Представление длится два часа, и сходство было бы полным, если бы представляемое действие не требовало больше времени. Поэтому не будем останавливаться ни на двенадцати, ни на двадцати четырех часах, но постараемся ограничивать продолжительность действия как только возможно, для того чтобы представление было более правдоподобным и совершенным. Дадим первому, если можно, только те два часа, в течение которых длится второе; я не думаю, чтобы действие «Родогуны» требовало более времени, и, вероятно, в два часа могло совершиться действие «Цинны». Если же мы не можем заключить его в эти два часа, возьмем четыре, шесть, девять, но постараемся не слишком переходить за 24 часа, чтобы не отступить от порядка и не обезобразить портрета, лишив его соответственных действительности размеров.
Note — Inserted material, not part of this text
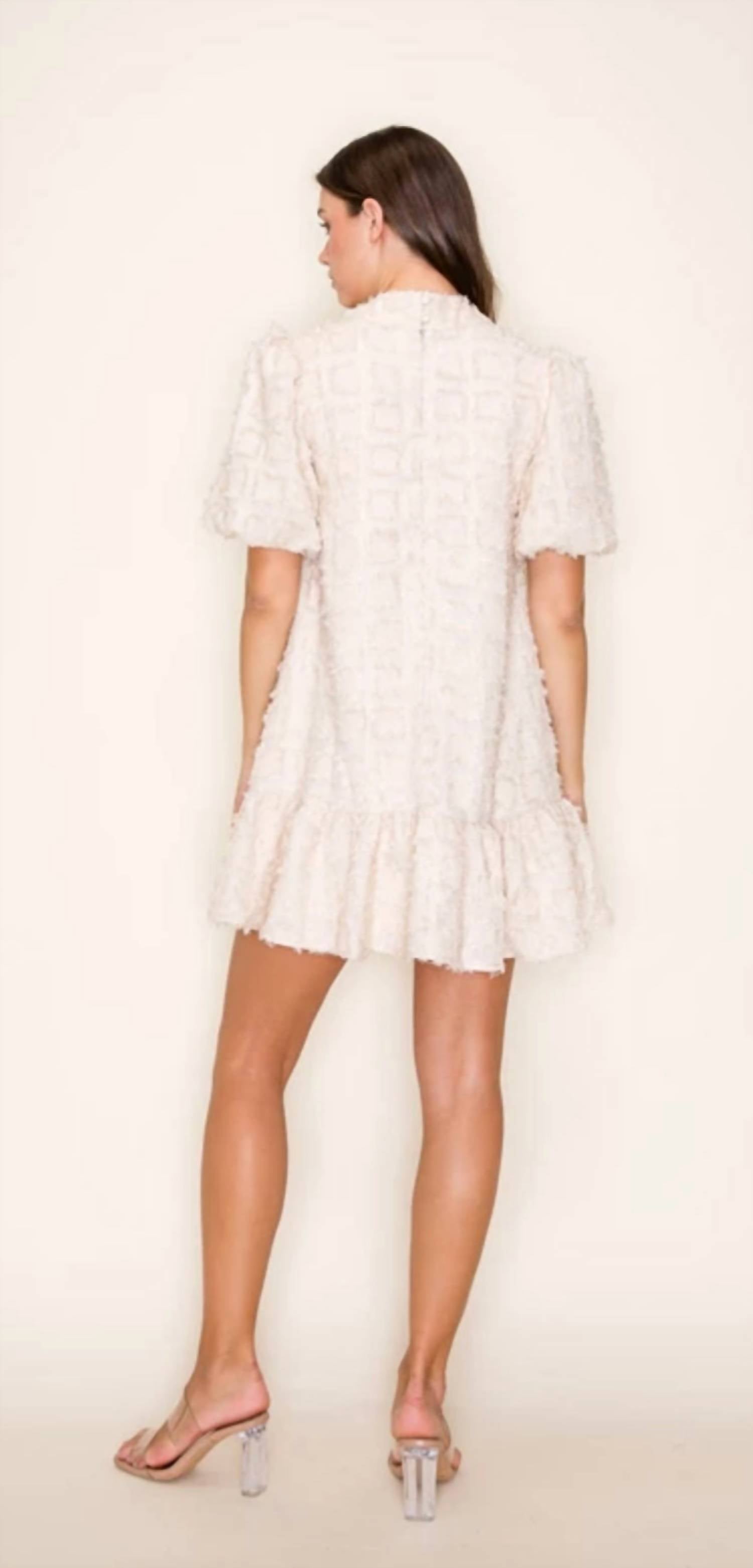Introducing the Graceful Puff Sleeve Ruffle Dress by B.right, a chic choice for your holiday party. This Taupe mini dress, perfect for a Spring celebration, features short puff sleeves and a classic crewneck, offering a timeless vintage vibe. Its shift silhouette and textured pattern exude elegance, ensuring you stand out in style. Origin details and care instructions are not specified, prioritizing the dress's striking design for effortless sophistication this Christmas season.

В особенности мне хотелось бы предоставить все, что связано с продолжительностью действия, воображению зрителей и никогда не указывать занимаемое действием время, если того не требует сюжет, особенно же тогда, когда вероятность этого действия несколько натянута, как в «Сиде», иначе это только обнаружит, что оно ведется слишком поспешно. Даже если необходимость соблюдать единство времени и не отражается вредно на пьесе, какая надобность отмечать при открытии занавеса, что солнце восходит, что в третьем акте наступает полдень, а в конце последнего акта закат? Это натянутость, которая может только докучать зрителю. Достаточно, чтобы была установлена возможность действия в течение того времени, в которое его заключают, и чтобы зрителю нетрудно было представить продолжительность этого времени без всякого умственного напряжения. Даже в тех действиях, которые имеют такую же продолжительность, как и представление, было бы весьма нескладно, если бы отмечалось, что от одного акта до другого прошло уже полчаса.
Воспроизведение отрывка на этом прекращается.